ジュニアサッカー(育成年代)の指導者にとって、永遠のテーマであり、最も頭を悩ませる問題。

それは「選手の出場時間の平等」と「試合に勝つこと」の両立ではないでしょうか。

「子どもたち全員にプレー機会をあげたい」 「でも、目の前の公式戦、子どもたちの必死な姿を見ると勝たせてあげたい…!」

そんな風に、ベンチで時計を握りしめながら葛藤しているコーチは少なくありません。今回は、勝利至上主義に陥ることなく、チーム全員の成長と勝利を両立させるための「ベンチワークの裏側」と「仕組み化」について考えていきます。

1. ジュニアサッカー永遠の課題「全員均等出場」の難しさ

理想は「全員が同じ時間だけピッチに立つこと」です。しかし、いざ試合が始まると、これがどれだけ難しいかを痛感します。

  • 競った展開で、いま主力を代えると失点するかもしれない…

  • 交代枠のタイミングを逃したまま、試合終了のホイッスルが鳴ってしまった…

  • 出場時間が短かった子の保護者からの視線が痛い…

こうした困難に直面するのは、あなたの指導力不足ではありません。「目の前の1試合」だけで全員の時間をきっちり平等にしようとするから、無理が生じるのです。まずは、このプレッシャーから少し頭を切り替えてみましょう。

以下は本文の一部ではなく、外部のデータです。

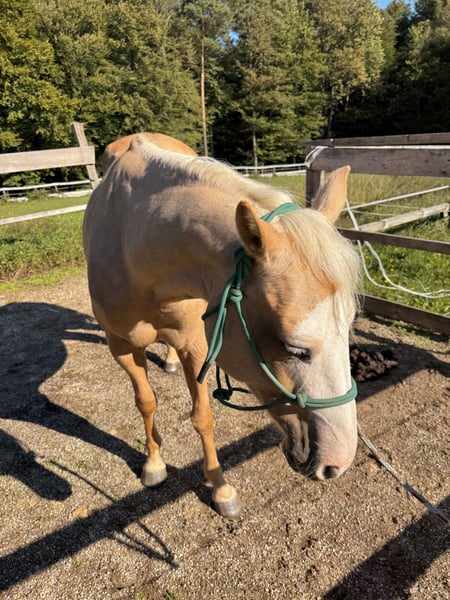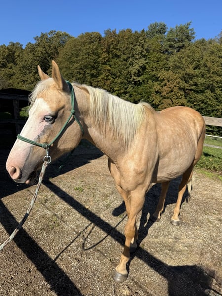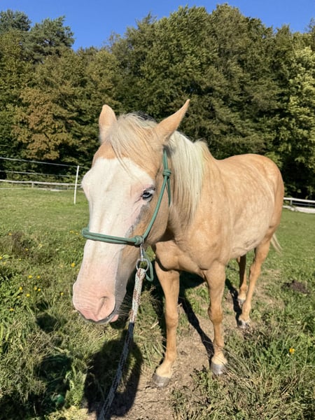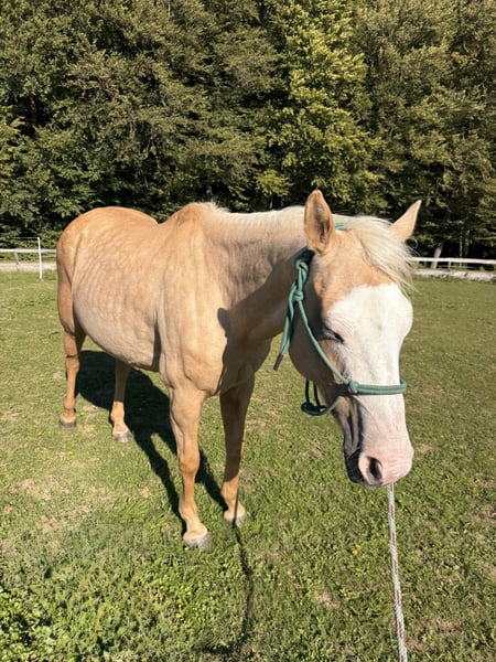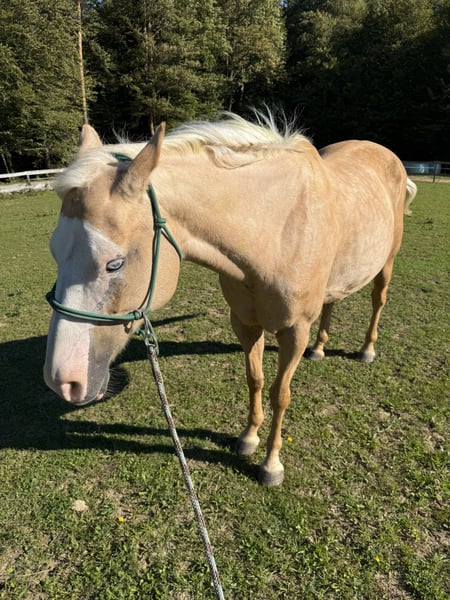 Offered for sale is a 2015 Paint mare (unregistered), standing approximately 150 cm tall, with a striking bald white face and one blue eye. Her calm and gentle nature makes her an excellent partner for children, beginners, and riders of all experience levels. She has been ridden both on trails and in the arena by novice and experienced riders, including children, and has proven to be safe, dependable, and easy to handle. • Ridden bitless (side pull) • Accustomed to both English and Western tack • Traffic-safe, confident on trails • Loads easily into a trailer • Stands well for the farrier • Never shod, has strong and healthy hooves • Located in Slovenia • Photos and videos available on request Price 4.800€ Zu verkaufen: Verlässliche, sanftmütige Paint-Stute mit Fohlen – ideal für Anfänger & Familien Zum Verkauf steht eine Paint mix Stute, Jahrgang 2015, ca. 150 cm groß, mit markanter weißer Blesse und einem blauen Auge. Aufgrund ihres besonders ruhigen und ausgeglichenen Charakters ist sie hervorragend geeignet für Kinder, Anfänger und Reiter aller Erfahrungsstufen. Sie wurde sowohl im Gelände als auch in der Reitbahn geritten – von Kindern und Erwachsenen, mit und ohne Reiterfahrung – stets brav und zuverlässig. • Wird gebisslos geritten (Side Pull) • Gewöhnt an englischen und Western-Sattel • Verkehrssicher und geländeerprobt • Problemlos verladefromm • Brav beim Hufschmied • Nie beschlagen, sehr starke, gesunde Hufe Sie ist außerdem eine liebevolle, erfahrene Mutterstute und hat bereits mehrfach kräftige, gut gebaute Fohlen gebracht. • Standort: Slowenien • Fotos und Videos gerne auf Anfrage Preis: 4.800€ Kontakt bitte über WhatsApp.

2. マインド:A戦・B戦の分け方と「勝敗」のバランス

全員出場を目指す上で、まず整理したいのが「A戦(公式戦など)」と「B戦(練習試合・サテライト)」の役割の明確化です。

大切なのは「不平等を隠さないこと」と「納得感」

実力差がある中で、公式戦でも完全均等にこだわりすぎると、かえってチーム内の不満を生むことがあります。大事なのは、子どもたちが「なぜ今の自分の出場時間なのか」を納得できているかです。

試合の勝敗が子どもに与える影響

「勝ち」にこだわることは悪ではありません。むしろ、子どもたちは勝利を目指して必死に走る中で最も成長します。

  • 主力選手: 接戦を勝ち切る「責任感」と「プレッシャー」を経験する

  • サブの選手: 「悔しさ」を味わい、次はあの舞台に立つという「モチベーション」に変える

全員をただ均等に出すだけでは、この「健全な悔しさ」や「競争意識」が薄れてしまうリスクもあります。「勝つために、いま君の力が必要だ」と自信を持って送り出せる関係性を、日頃の練習から作っていくことが重要です。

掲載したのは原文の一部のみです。